DATA SECTION >>
● ● ● ● ● ● ●

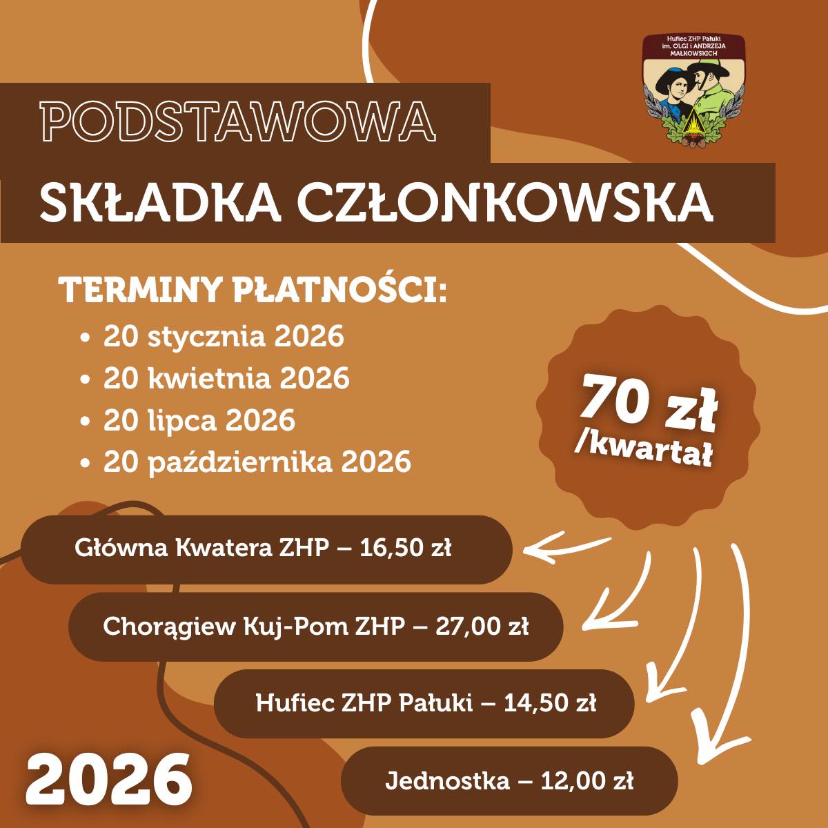 ❗️ wpłaty składki dokonujemy na konto wskazane przez drużynowego w nieprzekraczalnym terminie do 20 dnia pierwszego miesiąca kwartału;
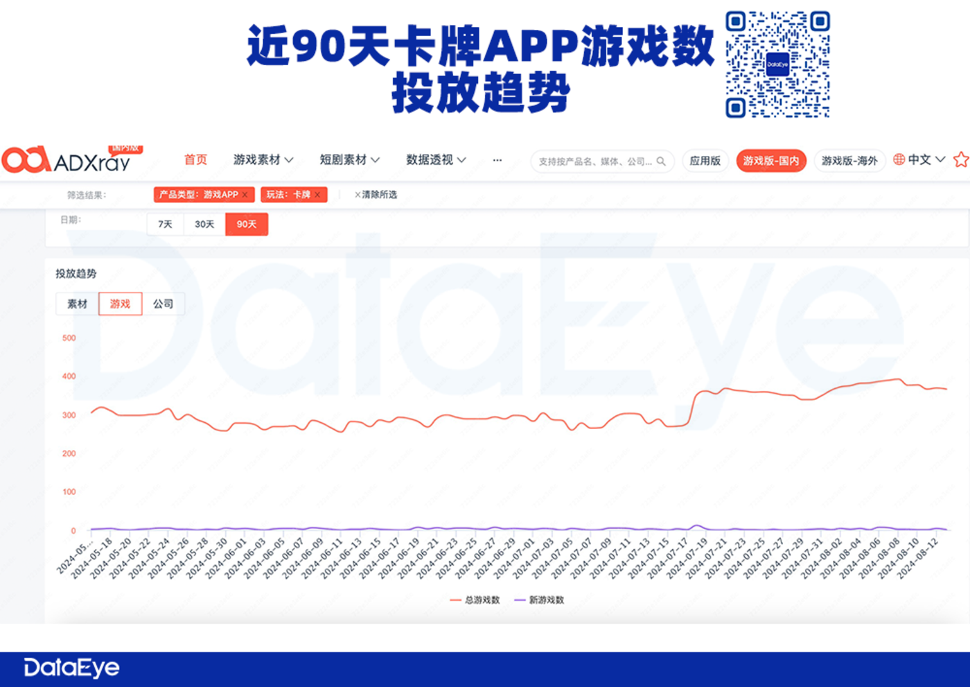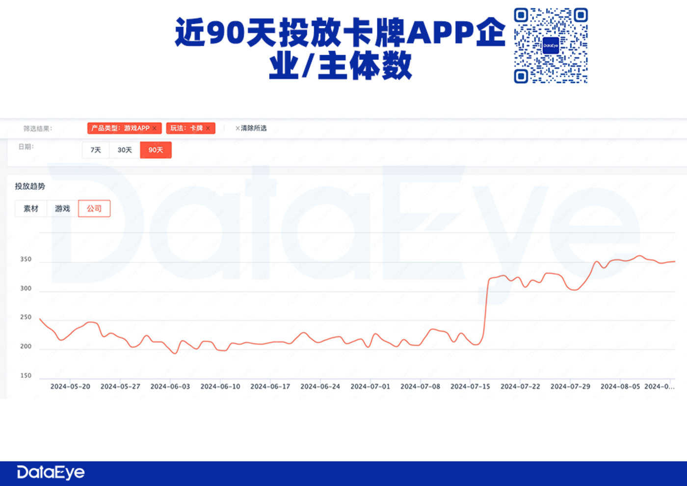 一是暑期档刺激大量厂商、游戏参投。内卷进行时,且尚未 「卷到头」。ADX 数据显示,卡牌赛道在投游戏 APP、公司/主体在近 90 天内呈现增长趋势,且还处于持续增长的趋势。这主要因为暑期档各产品抢量。
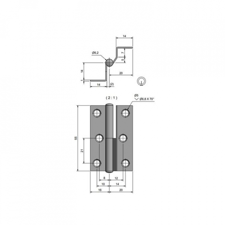 Dörrgångjärn Vänsterhängd 35x55 mm
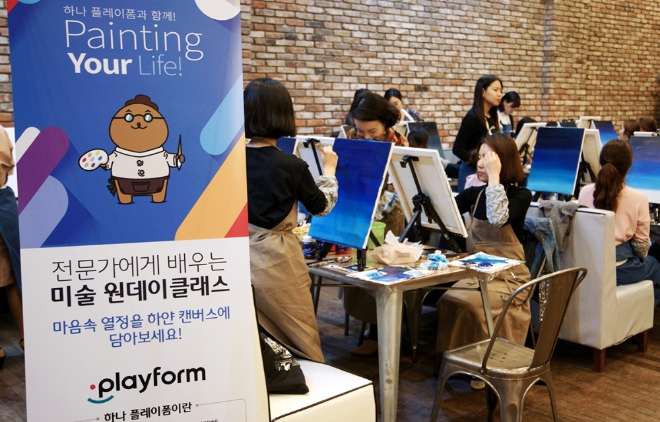 하나플레이폼은 다양한 시간대에 강좌가 열린다. 2시간 안에 나만의 작품을 완성할 수 있어 직장인, 학생, 주부들에게 추천 1순위 소확행(소소하지만 확실한 행복)으로 자리 잡아가고 있다고 있다는 설명이다.
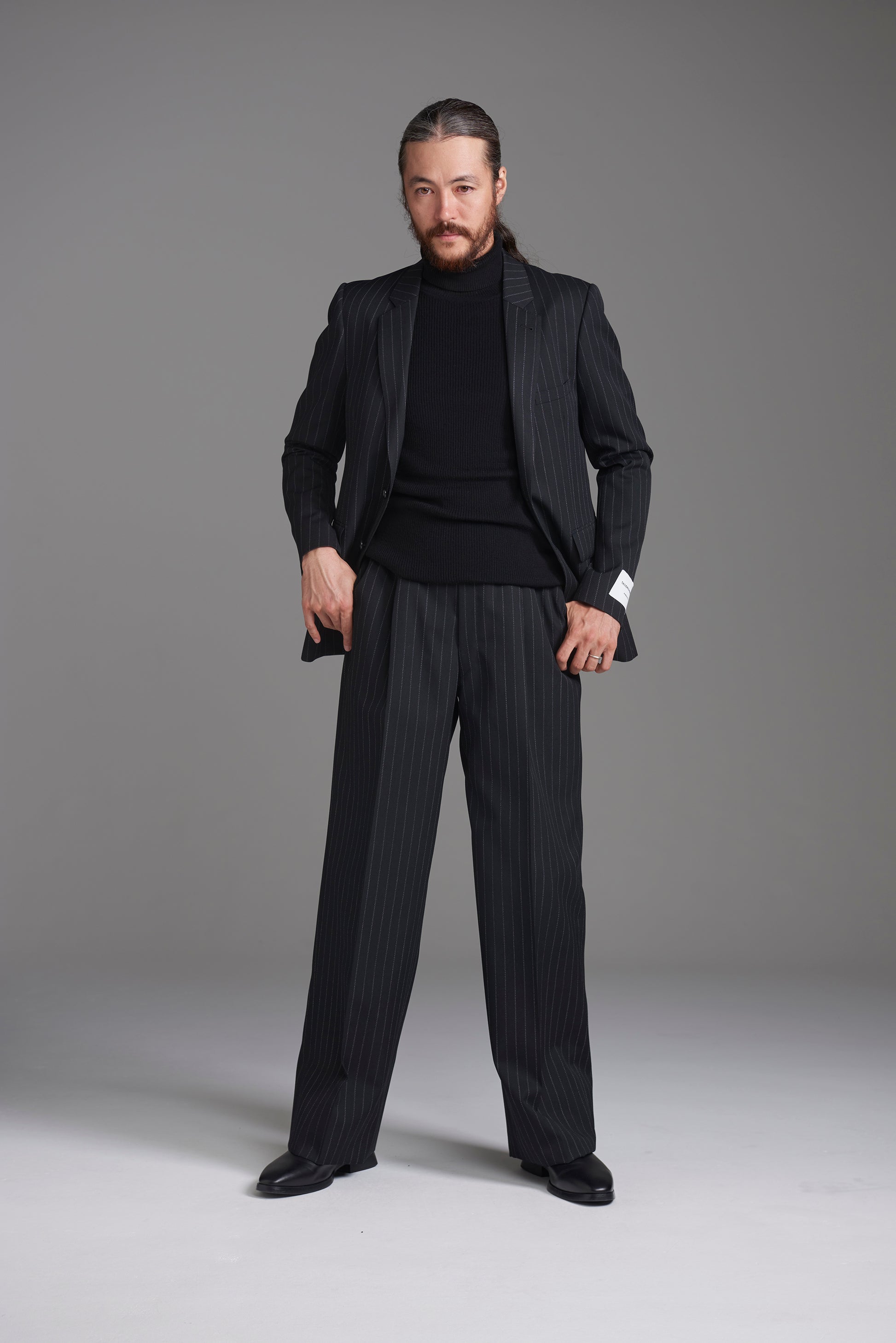 かすれ調のストライプを、ボトムのデザインが楽しめる2つボタンのショート丈ジャケットとワイドパンツのデザインで。

● ● ● ● ● ● ●

Everything in the records must be returned exactly, except the pictures.

 ❗️ wpłaty składki dokonujemy na konto wskazane przez drużynowego w nieprzekraczalnym terminie do 20 dnia pierwszego miesiąca kwartału;
 一是暑期档刺激大量厂商、游戏参投。内卷进行时,且尚未 「卷到头」。ADX 数据显示,卡牌赛道在投游戏 APP、公司/主体在近 90 天内呈现增长趋势,且还处于持续增长的趋势。这主要因为暑期档各产品抢量。
 Dörrgångjärn Vänsterhängd 35x55 mm
 하나플레이폼은 다양한 시간대에 강좌가 열린다. 2시간 안에 나만의 작품을 완성할 수 있어 직장인, 학생, 주부들에게 추천 1순위 소확행(소소하지만 확실한 행복)으로 자리 잡아가고 있다고 있다는 설명이다.
 かすれ調のストライプを、ボトムのデザインが楽しめる2つボタンのショート丈ジャケットとワイドパンツのデザインで。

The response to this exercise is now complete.